Of the other pre-I1 samples that I'm aware of that have a mixture of derived and ancestral I1 SNPs, there are two in a couple of the recent ancient Iberian papers:

BAL051 from "Survival of Late Pleistocene Hunter-Gatherer Ancestry in the Iberian Peninsula" Villalba-Mouco et al., 2019, Current Biology 29, 1–9; Derived SNPs: Z2699 2C, Z2751 2A, Z2869 1G, Z2885 1T, Z2887 1T, CTS7751 1T, Z2812 1T, Z2860 1A, L124 1C, CTS4532 1A, Z2724 2G, FGC2441 2G, CTS10140 1A. Ancestral SNPs:Z2886 1T, Z2679 1T, Z2727 1C, Z2850 1A, Y1962 4T, P40 1C, Z2747 1A, FGC2422 1C, CTS3506/Z2765 1A, FGC33327 1T, CTS11534 1A, Y1863 1T, L848 2C, FGC2433 1G, Y1950 1C, FGC2427 1C, Y1932 1A, Z2870 1T, S22865 1G, Z2806/CTS6765 1T.

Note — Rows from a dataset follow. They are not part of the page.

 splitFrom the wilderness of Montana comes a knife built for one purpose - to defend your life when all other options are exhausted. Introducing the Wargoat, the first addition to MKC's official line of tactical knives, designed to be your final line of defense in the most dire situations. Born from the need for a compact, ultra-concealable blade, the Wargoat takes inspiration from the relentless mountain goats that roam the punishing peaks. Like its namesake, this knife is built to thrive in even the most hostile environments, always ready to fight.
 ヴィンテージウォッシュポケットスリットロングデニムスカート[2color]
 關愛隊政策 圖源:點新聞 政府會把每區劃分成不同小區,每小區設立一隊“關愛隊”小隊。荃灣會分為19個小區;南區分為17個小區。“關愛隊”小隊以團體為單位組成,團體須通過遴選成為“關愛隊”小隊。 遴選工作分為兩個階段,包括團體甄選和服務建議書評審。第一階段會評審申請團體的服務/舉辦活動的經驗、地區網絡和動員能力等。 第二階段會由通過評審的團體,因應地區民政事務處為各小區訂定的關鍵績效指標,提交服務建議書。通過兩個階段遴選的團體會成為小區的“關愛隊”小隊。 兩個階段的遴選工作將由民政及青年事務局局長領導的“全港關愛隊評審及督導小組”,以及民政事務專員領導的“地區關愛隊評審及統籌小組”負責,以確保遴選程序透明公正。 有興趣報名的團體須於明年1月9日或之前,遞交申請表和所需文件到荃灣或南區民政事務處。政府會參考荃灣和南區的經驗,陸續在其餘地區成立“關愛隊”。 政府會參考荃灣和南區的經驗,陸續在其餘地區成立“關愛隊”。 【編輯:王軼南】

Car1 from "The genomic history of the Iberian Peninsula over the past 8000 years" Olade et al 2019, Science 363, 1230–1234; Derived I1 SNPs: Z2699 1C, Z2880 3A, Z2729 1T, Z2779 1C, CTS10338 1C, Z2885 1T, V5190/Z2742 1A, CTS11036/Z2863 1T, Z2730 1G, Z2720 1T, Z2887 1T, Z2847 1T, CTS1739 1G, Y1950 CGGA, Z2852 1T, CTS6022 1A, CTS4532 1A, Z2859 2A, Z2695 1T; Ancestral I1 SNPs: L840 1C, FGC7747 1T, Z2718 2C, Z2679 2T, Z2727 3C, CTS6140 1T, Y1872 1G, Z2747 1A, CTS11042 2T, Z2826 1T, Z2858 1G, V5203 2G, CTS11534 1A, Y1863 3T, CTS8394 1G, Z2825 1G, L848 1C, CTS9486 1G, Z2705 1C, Z2790 1G, Y1860 1A, Y1871 1C, FGC2427 1C, L764 1C, L1439 2C 1G (ambiguous, but likely ancestral), Z2870 1T, CTS9487 1G, Z2775 1G, CTS9368 2T, Y1876 1T,Z6116 1A, Z2832 2G, CTS7386 1T, CTS8708 1T, FGC2462 1C - also one SNP that has a mutation at the described position for FGC2445, but to a different nucleotide (1A rather than T).

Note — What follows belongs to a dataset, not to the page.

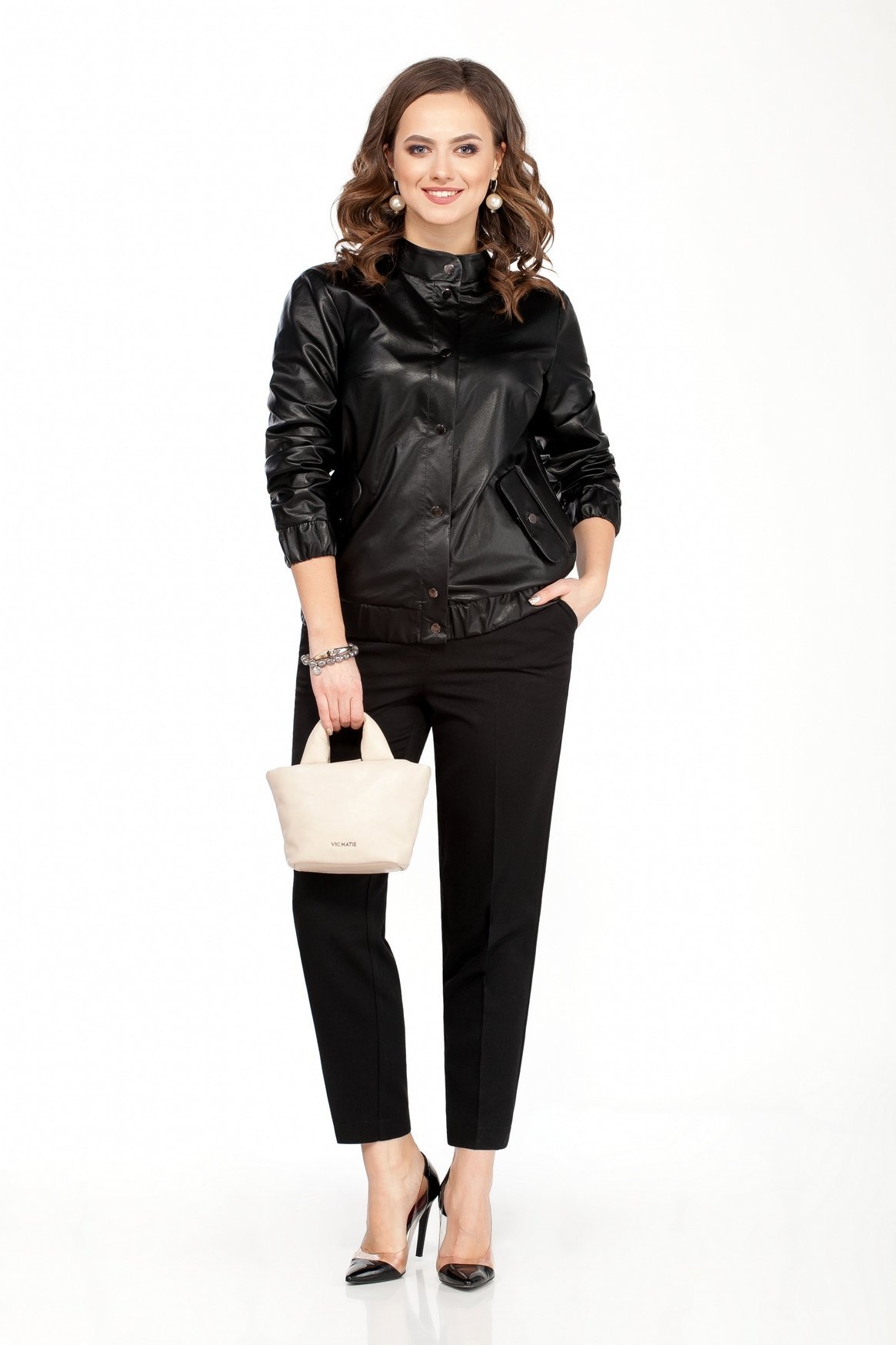 Модный кожаный бомбер прямого силуэта с мягким поясом- резинкой по низу изделия и низу рукава. Воротник стойка. По переду боковые карманы с клапанами. Застежка на кнопки. Бомбер на подкладке.

I've checked beforehad the BAL051 results, unfortunately no SNPs that show up in both samples (SF11 and BAL051).
But at least we have FGC7747, that is derived in SF11 and ancestral in Car1.

deadly77
09-30-2019, 10:47 PM
I've checked beforehad the BAL051 results, unfortunately no SNPs that show up in both samples (SF11 and BAL051).
But at least we have FGC7747, that is derived in SF11 and ancestral in Car1.

Both SF11 and BAL051 have a read for FGC2433 - SF11 has derived (1A), BAL051 has ancestral (1G). Although this doesn't contradict earlier/later since BAL051 is older than SF11.